Сейчас не помню, что именно имеет в виду Бродский под автономией литературы. Если отсутствие прямой зависимости достижений литературы от степени свободы общества, то да, согласен.
Очень хочется, отвечая Довлатову, воскликнуть: да что вы, тоски у меня сколько угодно! И ужаса тоже навалом! Чтобы не быть смешным, отвечу по-другому: не представляю себе поэта, который был бы обращен только ко времени или только к вечности. Вообще все эти рассуждения о времени и вечности страшно (ужасно) старомодны.
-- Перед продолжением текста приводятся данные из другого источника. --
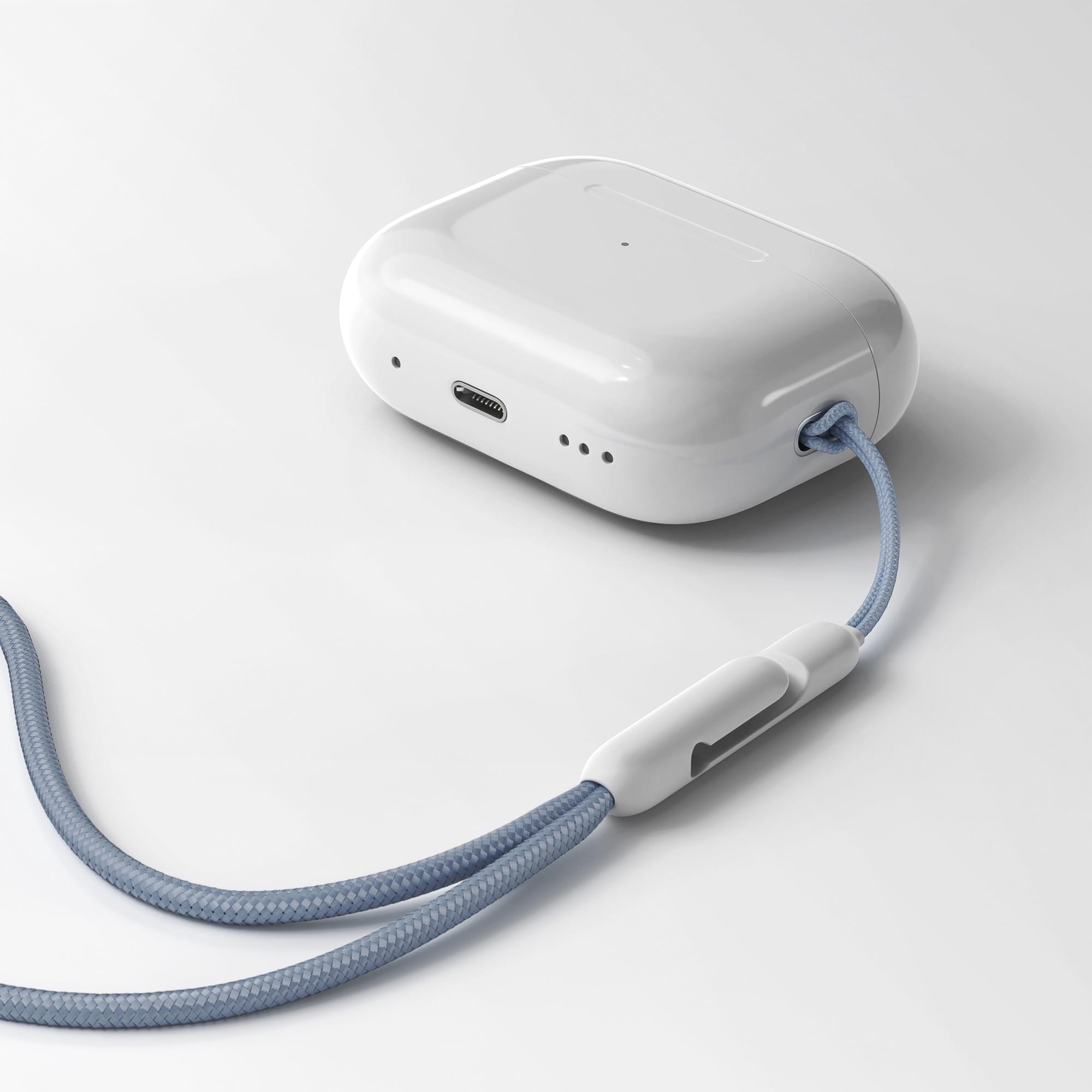 Помимо беспроводной зарядки MagSafe и Qi кейс наушников оснащен металлической петлёй для шнурка. Сам шнурок, в лучших традициях BREAKING, есть в комплекте.

Все это спекуляции, к поэзии не имеющие отношения.
Поговорим о другом. В одном из моих стихотворений есть такие строки:
А формула жизни добыта во сне, и она
Ужасна, ужасна, ужасна, прекрасна, ужасна...[167]
Поэзия и вообще искусство в значительной степени держатся на том, что, не закрывая глаза на ужас жизни, помнят о том, какой она бывает в счастливые минуты. Там, где нет ценностей, дорогих нашему сердцу, там нет и трагедии. Поэзия, на мой взгляд, только и занята тем, что
И эту прекрасную, пятую, может быть, часть,
Пусть пятидесятую, пестует и раздувает[168].
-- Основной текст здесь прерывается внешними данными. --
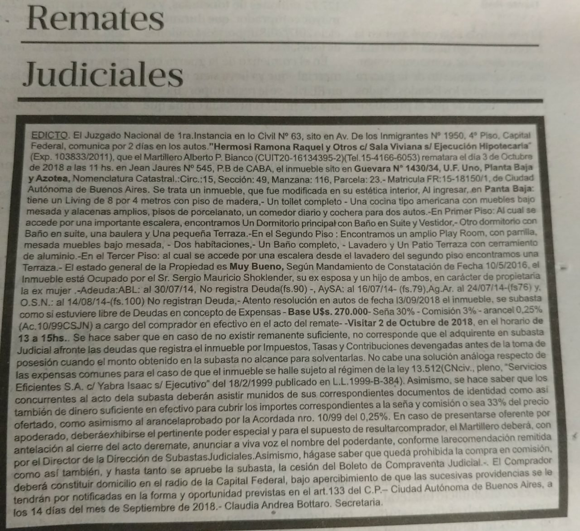 La casa de la calle Guevara fue adquirida por Schoklender y su entonces esposa antes de que comenzara el Plan Sueños Compartidos, pero como figura a nombre de Viviana Sala, que está siendo investigada y arrastra un llamado a indagatoria, el juez tiene previsto pedir, como medida cautelar, que el dinero de la subasta quede depositado en una cuenta bancaria.
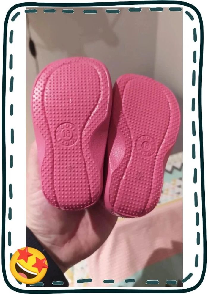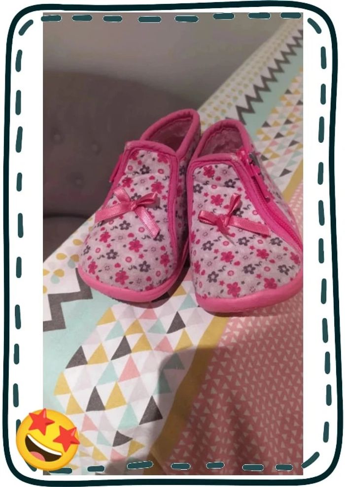 Chaussons montants taille 18 de la marque tooti (très bonne qualité) Roses avec des fleurs Quelques petites traces d'usure visibles sur les photos sinon en très bon état Prix neuf 27€ #dinooblofille

Конечно, есть поэты с обостренным чувством неблагополучия и катастрофичности жизни: Баратынский, Бродский[169]. И есть поэты, умеющие, несмотря на весь ужас жизни, сохранить в своем сердце чувство благодарности перед жизнью: Пушкин, Мандельштам (последний, как известно, в самых тяжелых условиях, какие нам и не снились!). Может быть, эти поэты и впрямь заворожены временем больше, чем вечностью. Помните, у Мандельштама:
И Батюшкова мне противна спесь:
Который час, его спросили здесь,
А он ответил любопытным: вечность![170]
Впрочем, повторяюсь, в опыте каждого настоящего поэта есть все: и ужас, и печаль, и вечность, и время. И совершенно невозможно рисовать себе Бродского в виде этакого волка, воющего на вечность, как на луну; надеюсь, — и меня, если уж речь зашла обо мне, — в виде свиньи, видящей только то, что делается у нее внизу, под ногами.
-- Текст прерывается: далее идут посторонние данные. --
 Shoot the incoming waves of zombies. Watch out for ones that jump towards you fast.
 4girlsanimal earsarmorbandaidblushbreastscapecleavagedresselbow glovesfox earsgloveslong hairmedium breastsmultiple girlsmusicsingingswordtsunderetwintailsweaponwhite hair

Метафизических категорий в качестве утешений, убежищ я для себя не подобрал: "Я падал в пропасть без надежд, / Без звезд и тайных утешений"[171]. Все же надеюсь, что душа какое-то время после смерти поэта может жить в его стихах. Такое помещение души, такой вклад кажется мне более или менее надежным. В этом смысле у меня есть прекрасные учителя: Пушкин, Пруст, показавший нам в день смерти своего Бергота его книги в витрине книжного магазина. Но и без этого слабого утешения, мне кажется, я не впал бы в уныние, будучи убежден в том, что жизнь сама по себе — драгоценный дар. Дареному коню в зубы не смотрят. Человек живет до тридцати, потом до сорока, потом до пятидесяти лет и далее. Пора взрослому человеку в конце концов признать, что "смысл жизни — в ней самой"[172]. Иначе какого черта он все еще живет и ноет?